(Assignment) Look at the data below and print exactly the lines from its first line through the line with "resmi olarak açıklanmadı."; the pictures stay out of the copy.

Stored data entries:
● ● ●
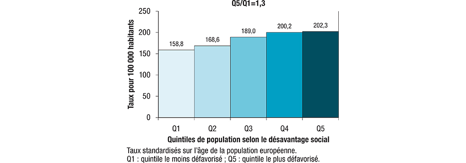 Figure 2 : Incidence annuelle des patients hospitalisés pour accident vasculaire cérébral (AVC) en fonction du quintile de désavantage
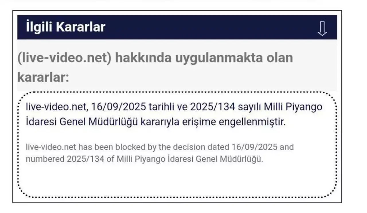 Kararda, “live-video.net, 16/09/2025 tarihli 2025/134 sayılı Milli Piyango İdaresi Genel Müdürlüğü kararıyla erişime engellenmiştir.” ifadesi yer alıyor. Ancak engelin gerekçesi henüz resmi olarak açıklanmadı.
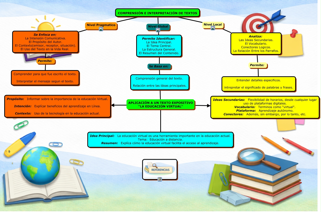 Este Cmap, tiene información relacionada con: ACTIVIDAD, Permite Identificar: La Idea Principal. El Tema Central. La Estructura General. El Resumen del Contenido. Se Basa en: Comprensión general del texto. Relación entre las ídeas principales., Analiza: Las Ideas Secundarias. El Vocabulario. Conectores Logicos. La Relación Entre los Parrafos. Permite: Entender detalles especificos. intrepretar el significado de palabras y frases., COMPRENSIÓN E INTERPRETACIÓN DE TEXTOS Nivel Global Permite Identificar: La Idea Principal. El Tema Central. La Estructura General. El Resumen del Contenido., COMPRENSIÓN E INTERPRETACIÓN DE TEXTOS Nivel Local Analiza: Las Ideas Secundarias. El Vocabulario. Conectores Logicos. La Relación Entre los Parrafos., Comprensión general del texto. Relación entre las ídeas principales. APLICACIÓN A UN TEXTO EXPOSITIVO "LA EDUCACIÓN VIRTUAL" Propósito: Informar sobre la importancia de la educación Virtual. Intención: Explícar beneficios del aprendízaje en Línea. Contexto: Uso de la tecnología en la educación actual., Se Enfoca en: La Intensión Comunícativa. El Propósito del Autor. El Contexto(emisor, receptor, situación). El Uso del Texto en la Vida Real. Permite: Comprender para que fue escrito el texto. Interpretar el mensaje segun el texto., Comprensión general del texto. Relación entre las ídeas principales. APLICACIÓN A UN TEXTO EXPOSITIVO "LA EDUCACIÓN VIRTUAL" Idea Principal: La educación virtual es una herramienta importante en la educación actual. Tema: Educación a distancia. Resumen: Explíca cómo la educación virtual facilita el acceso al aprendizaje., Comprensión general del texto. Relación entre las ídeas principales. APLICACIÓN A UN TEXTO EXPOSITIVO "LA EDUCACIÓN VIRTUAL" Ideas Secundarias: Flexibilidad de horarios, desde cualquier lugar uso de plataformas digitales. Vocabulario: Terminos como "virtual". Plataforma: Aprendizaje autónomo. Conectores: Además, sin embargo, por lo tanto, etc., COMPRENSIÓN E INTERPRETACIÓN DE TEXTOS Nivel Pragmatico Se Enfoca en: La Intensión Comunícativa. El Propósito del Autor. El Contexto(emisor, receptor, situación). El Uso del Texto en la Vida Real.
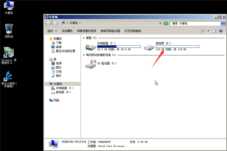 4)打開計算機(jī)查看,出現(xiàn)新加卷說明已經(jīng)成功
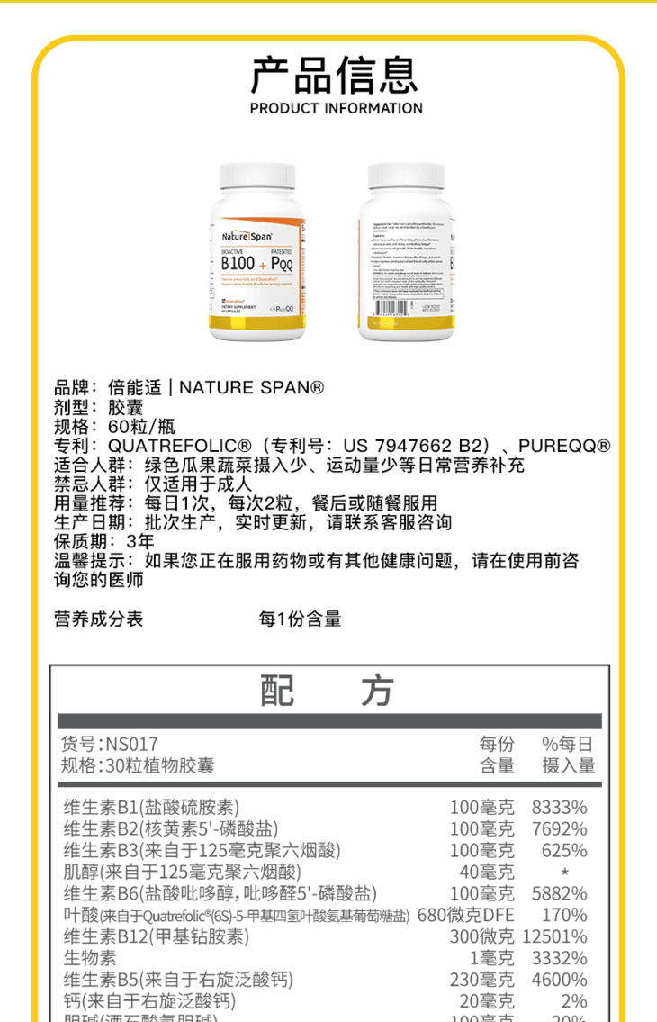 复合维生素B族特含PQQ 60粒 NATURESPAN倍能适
● ● ●
(Exercise answer)
 Figure 2 : Incidence annuelle des patients hospitalisés pour accident vasculaire cérébral (AVC) en fonction du quintile de désavantage
 Kararda, “live-video.net, 16/09/2025 tarihli 2025/134 sayılı Milli Piyango İdaresi Genel Müdürlüğü kararıyla erişime engellenmiştir.” ifadesi yer alıyor. Ancak engelin gerekçesi henüz resmi olarak açıklanmadı.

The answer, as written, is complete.